With pictures excluded, copy word for word the lines in the data below from the line containing "#イラスト #illustraion #花" through the line containing "下面看三版教材中固体、液体和".

[GIVEN DATA — start]

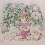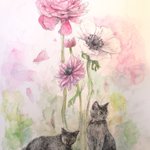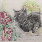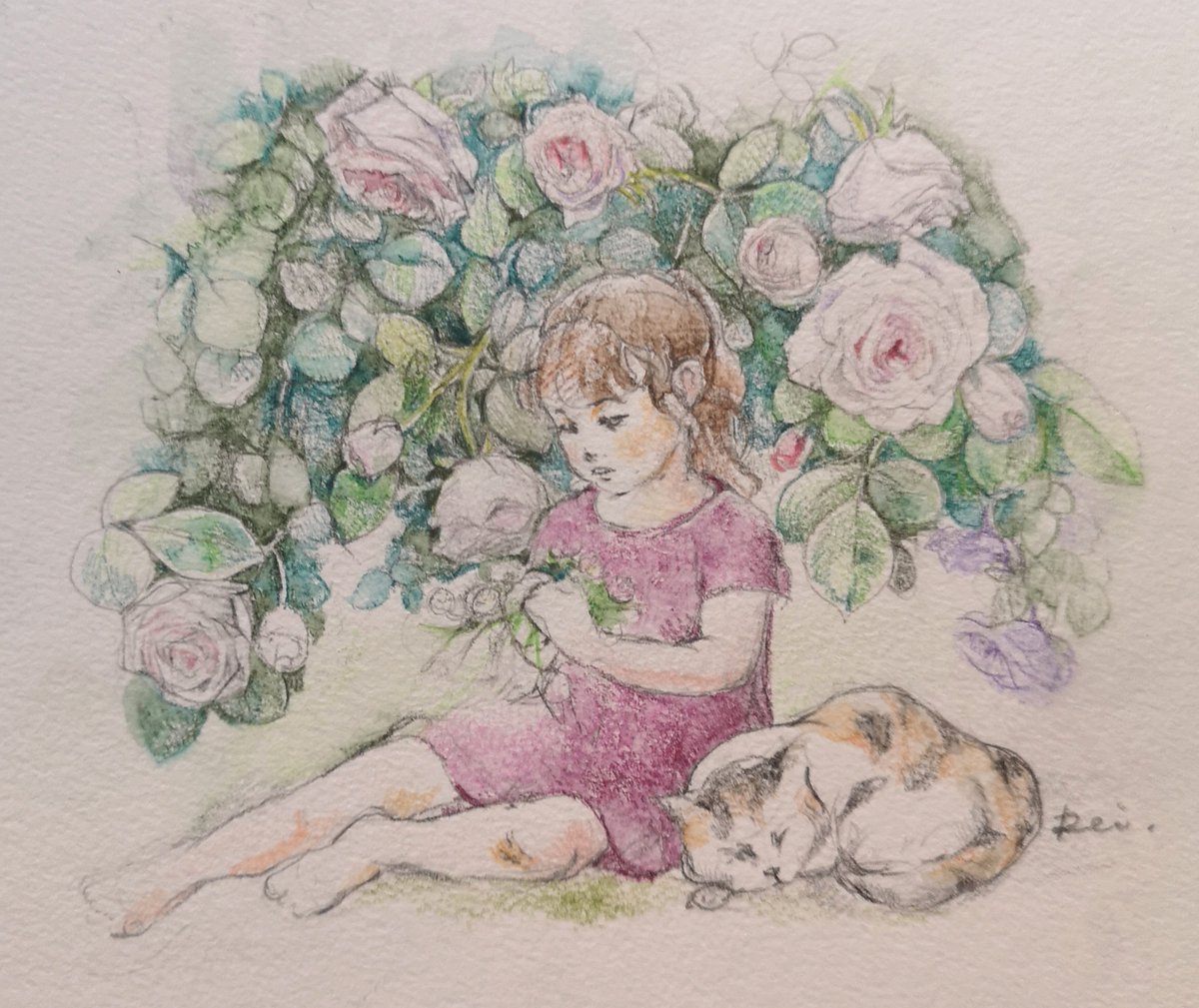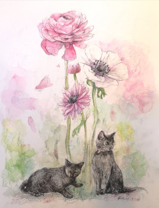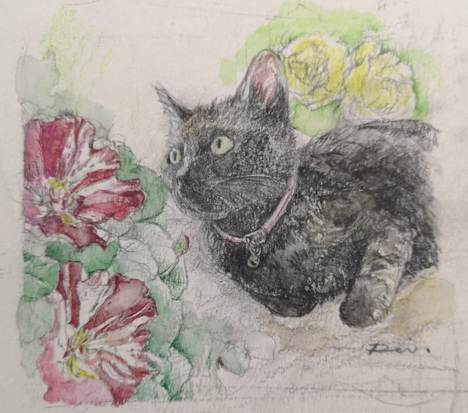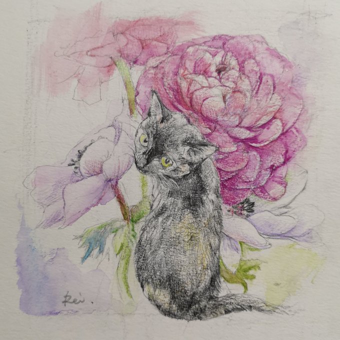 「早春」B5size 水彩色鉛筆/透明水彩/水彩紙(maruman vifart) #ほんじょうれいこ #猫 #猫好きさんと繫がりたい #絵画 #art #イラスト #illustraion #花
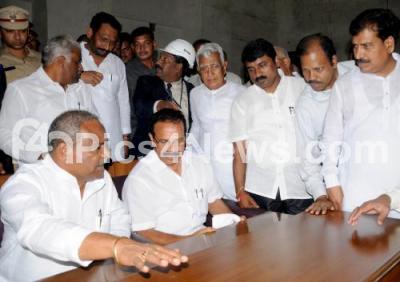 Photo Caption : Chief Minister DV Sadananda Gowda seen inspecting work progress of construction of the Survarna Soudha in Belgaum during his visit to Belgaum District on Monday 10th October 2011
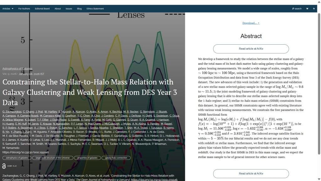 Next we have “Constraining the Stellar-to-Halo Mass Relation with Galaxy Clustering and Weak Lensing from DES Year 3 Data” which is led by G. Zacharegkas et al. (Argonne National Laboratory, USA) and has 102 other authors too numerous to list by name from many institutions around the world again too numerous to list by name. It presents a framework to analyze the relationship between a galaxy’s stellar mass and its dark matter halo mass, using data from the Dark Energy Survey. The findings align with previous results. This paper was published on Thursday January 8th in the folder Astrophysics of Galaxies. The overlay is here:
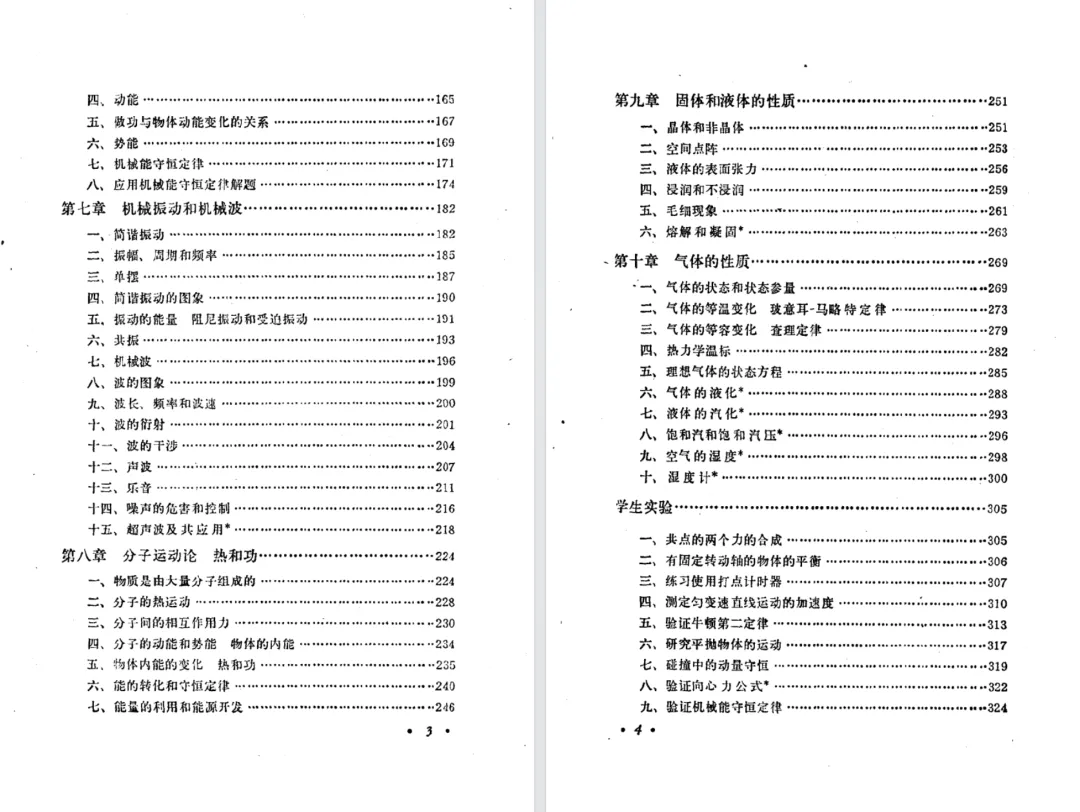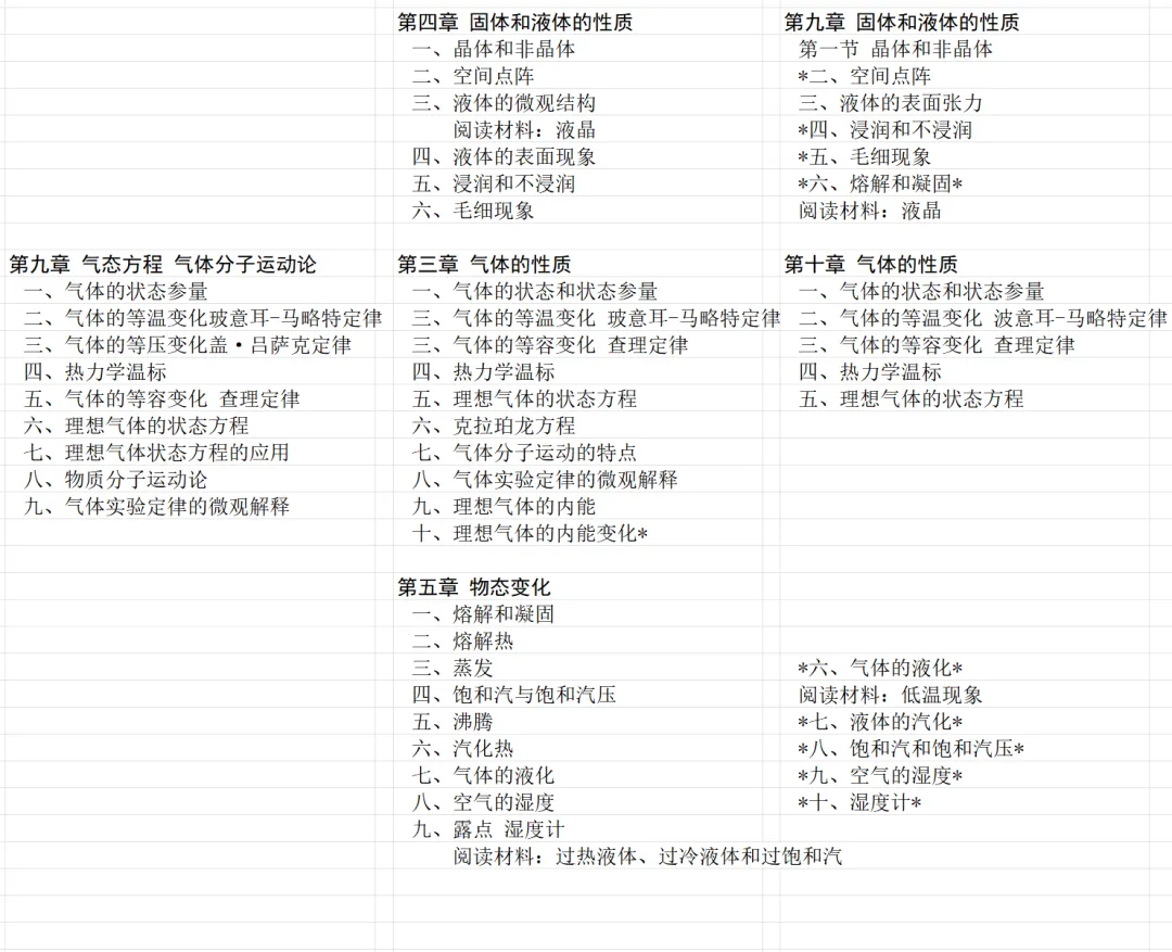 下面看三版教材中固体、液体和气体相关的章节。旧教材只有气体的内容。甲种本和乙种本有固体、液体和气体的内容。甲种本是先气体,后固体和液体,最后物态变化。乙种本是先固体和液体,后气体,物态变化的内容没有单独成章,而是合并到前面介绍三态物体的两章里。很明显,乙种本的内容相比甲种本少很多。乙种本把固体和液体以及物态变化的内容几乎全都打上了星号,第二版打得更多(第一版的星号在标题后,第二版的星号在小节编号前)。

[GIVEN DATA — finish]
[GIVEN DATA — start]

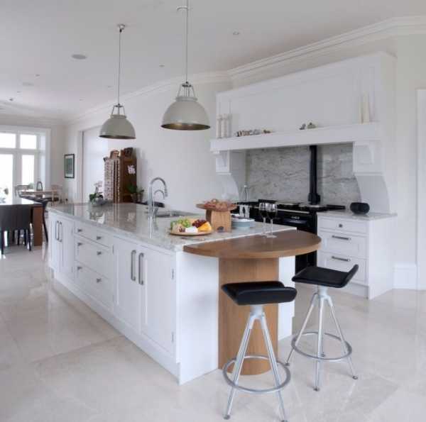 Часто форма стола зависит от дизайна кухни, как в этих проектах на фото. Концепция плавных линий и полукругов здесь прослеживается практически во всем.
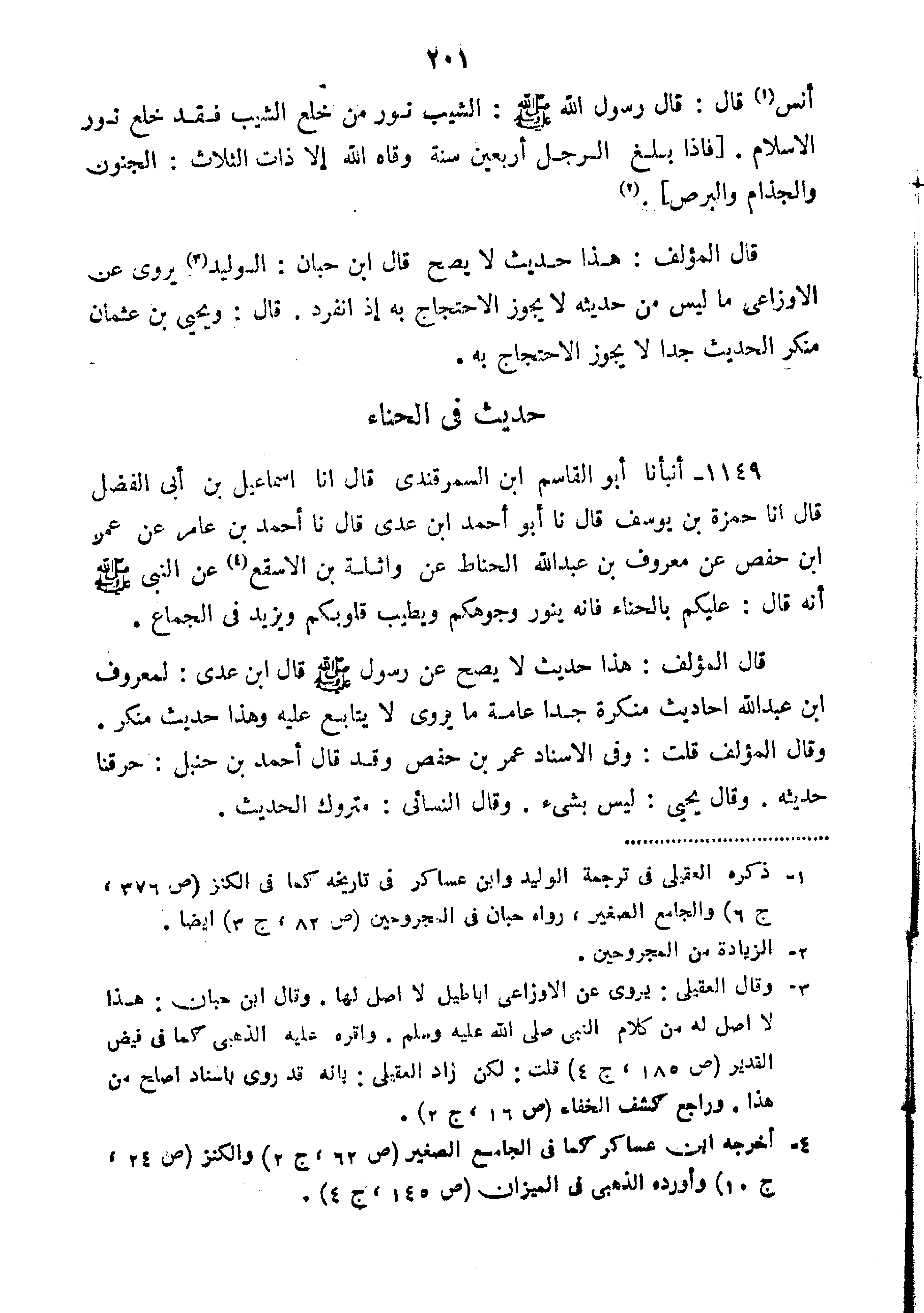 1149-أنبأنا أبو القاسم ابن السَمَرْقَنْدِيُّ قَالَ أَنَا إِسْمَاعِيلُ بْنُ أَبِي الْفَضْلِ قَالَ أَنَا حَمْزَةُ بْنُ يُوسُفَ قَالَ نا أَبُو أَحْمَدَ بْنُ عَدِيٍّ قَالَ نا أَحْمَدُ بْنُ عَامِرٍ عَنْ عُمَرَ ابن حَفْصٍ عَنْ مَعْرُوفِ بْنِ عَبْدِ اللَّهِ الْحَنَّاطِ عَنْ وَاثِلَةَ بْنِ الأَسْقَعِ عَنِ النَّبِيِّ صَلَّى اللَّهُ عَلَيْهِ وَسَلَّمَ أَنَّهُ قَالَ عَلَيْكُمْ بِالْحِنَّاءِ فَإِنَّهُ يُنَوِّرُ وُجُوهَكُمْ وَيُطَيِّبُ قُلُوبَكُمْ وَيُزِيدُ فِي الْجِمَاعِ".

[GIVEN DATA — finish]
[GIVEN DATA — start]

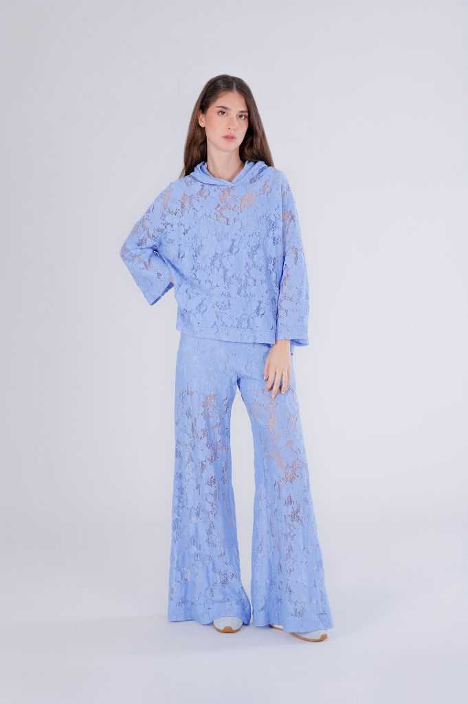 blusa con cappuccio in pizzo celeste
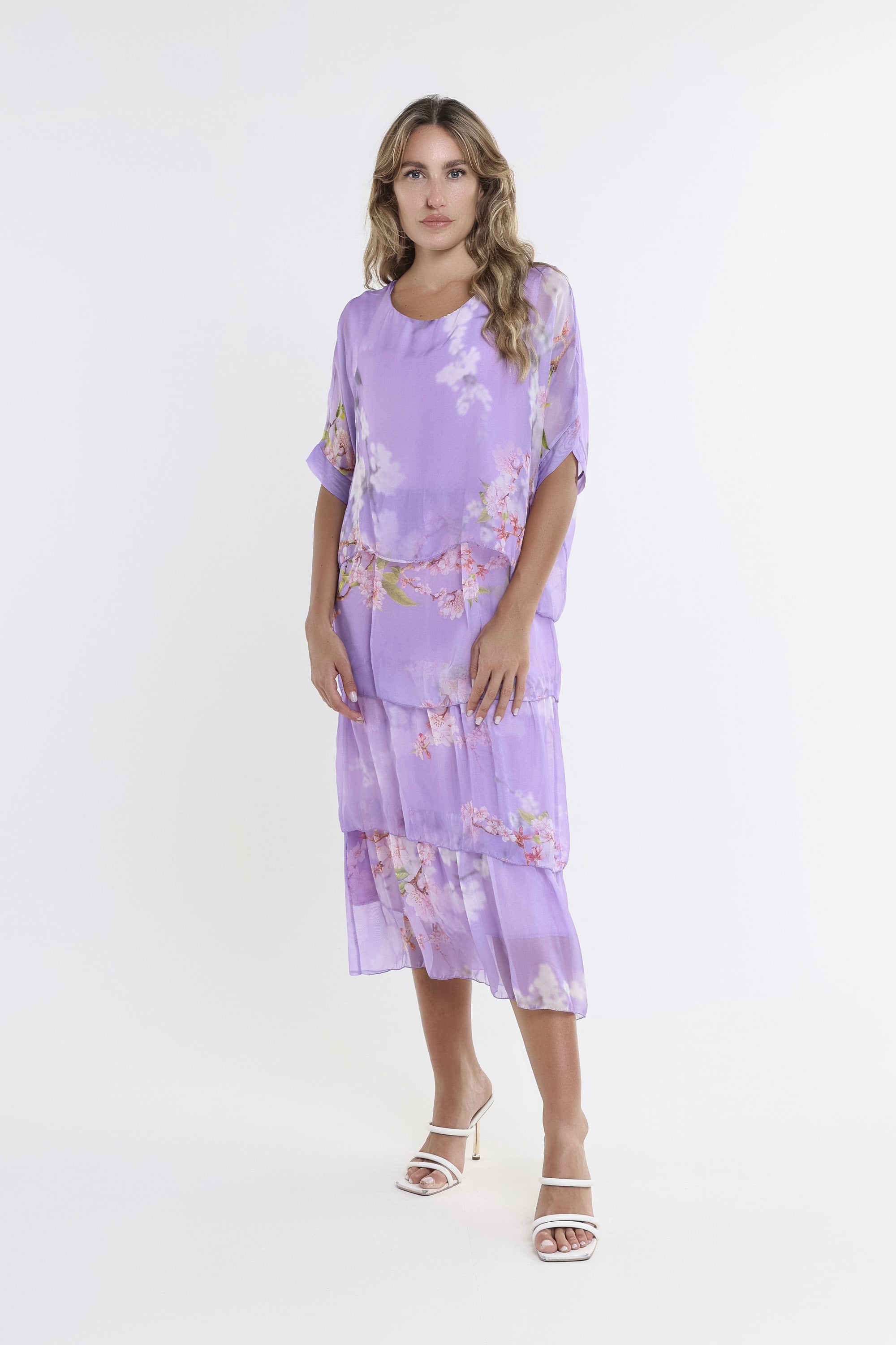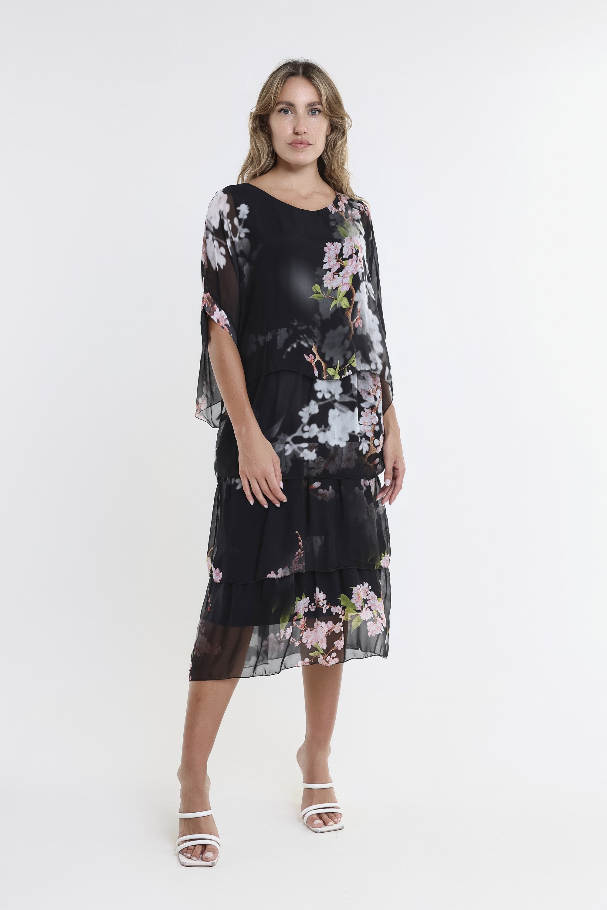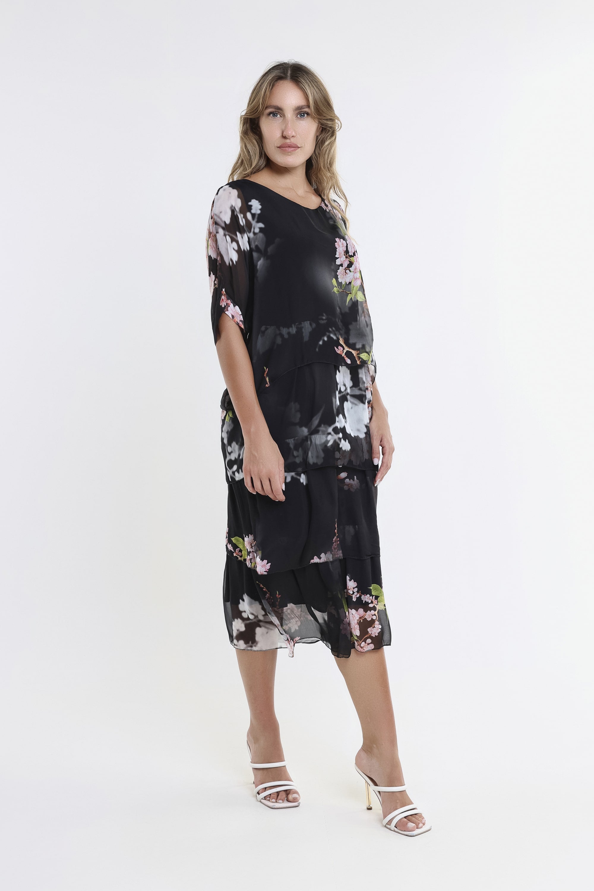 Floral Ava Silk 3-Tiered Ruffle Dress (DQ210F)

[GIVEN DATA — finish]

RESPONSE BELOW:
 「早春」B5size 水彩色鉛筆/透明水彩/水彩紙(maruman vifart) #ほんじょうれいこ #猫 #猫好きさんと繫がりたい #絵画 #art #イラスト #illustraion #花
 Photo Caption : Chief Minister DV Sadananda Gowda seen inspecting work progress of construction of the Survarna Soudha in Belgaum during his visit to Belgaum District on Monday 10th October 2011
 Next we have “Constraining the Stellar-to-Halo Mass Relation with Galaxy Clustering and Weak Lensing from DES Year 3 Data” which is led by G. Zacharegkas et al. (Argonne National Laboratory, USA) and has 102 other authors too numerous to list by name from many institutions around the world again too numerous to list by name. It presents a framework to analyze the relationship between a galaxy’s stellar mass and its dark matter halo mass, using data from the Dark Energy Survey. The findings align with previous results. This paper was published on Thursday January 8th in the folder Astrophysics of Galaxies. The overlay is here:
 下面看三版教材中固体、液体和气体相关的章节。旧教材只有气体的内容。甲种本和乙种本有固体、液体和气体的内容。甲种本是先气体,后固体和液体,最后物态变化。乙种本是先固体和液体,后气体,物态变化的内容没有单独成章,而是合并到前面介绍三态物体的两章里。很明显,乙种本的内容相比甲种本少很多。乙种本把固体和液体以及物态变化的内容几乎全都打上了星号,第二版打得更多(第一版的星号在标题后,第二版的星号在小节编号前)。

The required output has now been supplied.